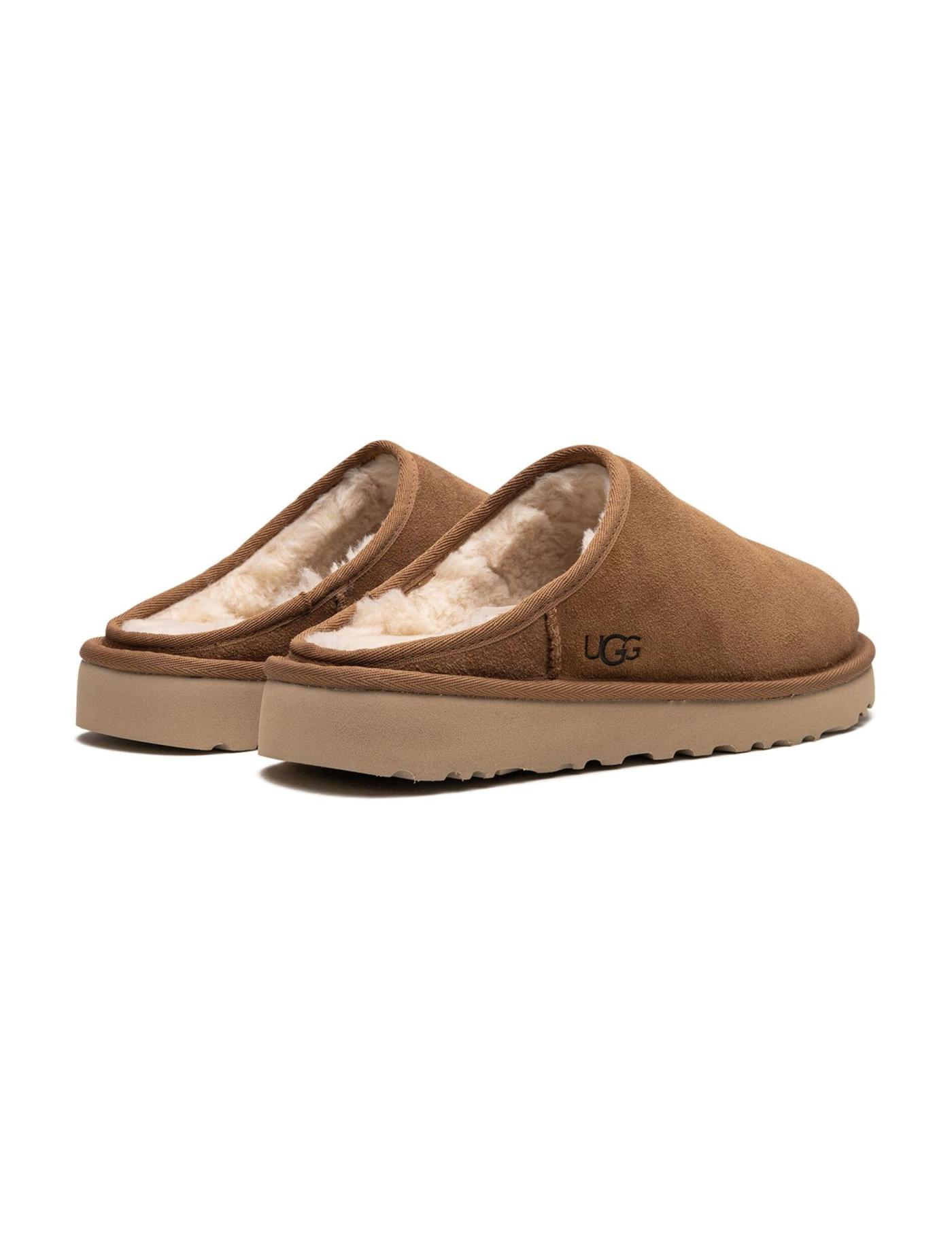 These UGG Classic Slip On slippers offer a versatile and casual look thanks to their effortless slip-on silhouette. They're crafted from chestnut-brown suede and lined with the brand's signature UGGplush™ blend of upcycled wool and lyocell for a soft and cosy sensation.
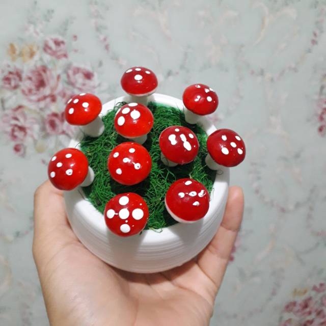 Jual Murah Perlengkapan di Kabupaten Brebes Hiasan Jamur Mini Pot + Jamur/ Bunga Plastik / Bunga Artificial / Hiasan Shabby / Home Decor dari Tidak Ada Merek Kota Tangerang Selatan
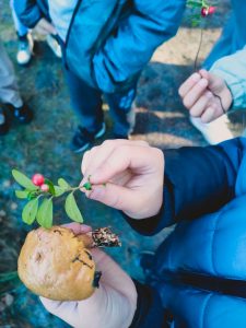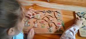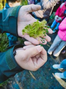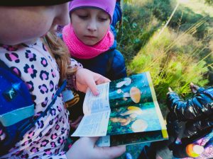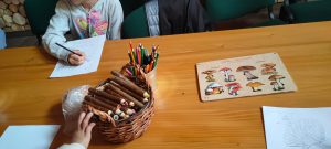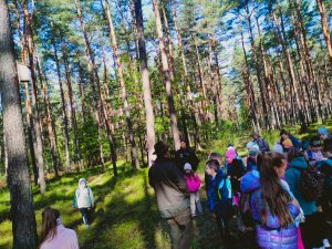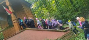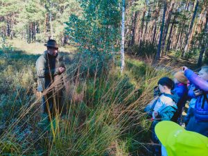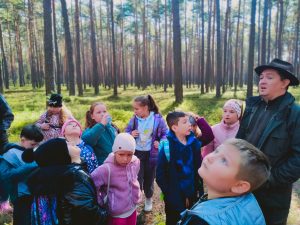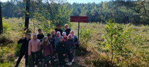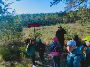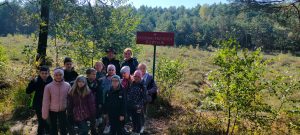 Kolejnym punktem programu było zwiedzanie masztu widokowego oraz przemarsz do lasu. Pan leśniczy rozdał dzieciom naturalne zakładki do książek z miłorzębu. Następnie opowiedział o drewnianych budkach lęgowych, które raz w roku są czyszczone. Udaliśmy się do Rezerwatu Przyrody Suchy Łuk, gdzie dowiedzieliśmy się wielu ciekawych rzeczy na temat torfowisk i gatunków w nich występujących oraz czym różni się ochrona czynna od biernej. Jednak dla wielu uczniów największą atrakcją okazało się grzybobranie, a trzeba przyznać, że grzybów tej jesieni jest wyjątkowo dużo.

┄┄┄┄┄┄┄┄┄┄

A word-for-word copy of the lines from the start of the listing through the line containing "Jual Murah Perlengkapan" is the answer. Pictures stay out of it.

 These UGG Classic Slip On slippers offer a versatile and casual look thanks to their effortless slip-on silhouette. They're crafted from chestnut-brown suede and lined with the brand's signature UGGplush™ blend of upcycled wool and lyocell for a soft and cosy sensation.
 Jual Murah Perlengkapan di Kabupaten Brebes Hiasan Jamur Mini Pot + Jamur/ Bunga Plastik / Bunga Artificial / Hiasan Shabby / Home Decor dari Tidak Ada Merek Kota Tangerang Selatan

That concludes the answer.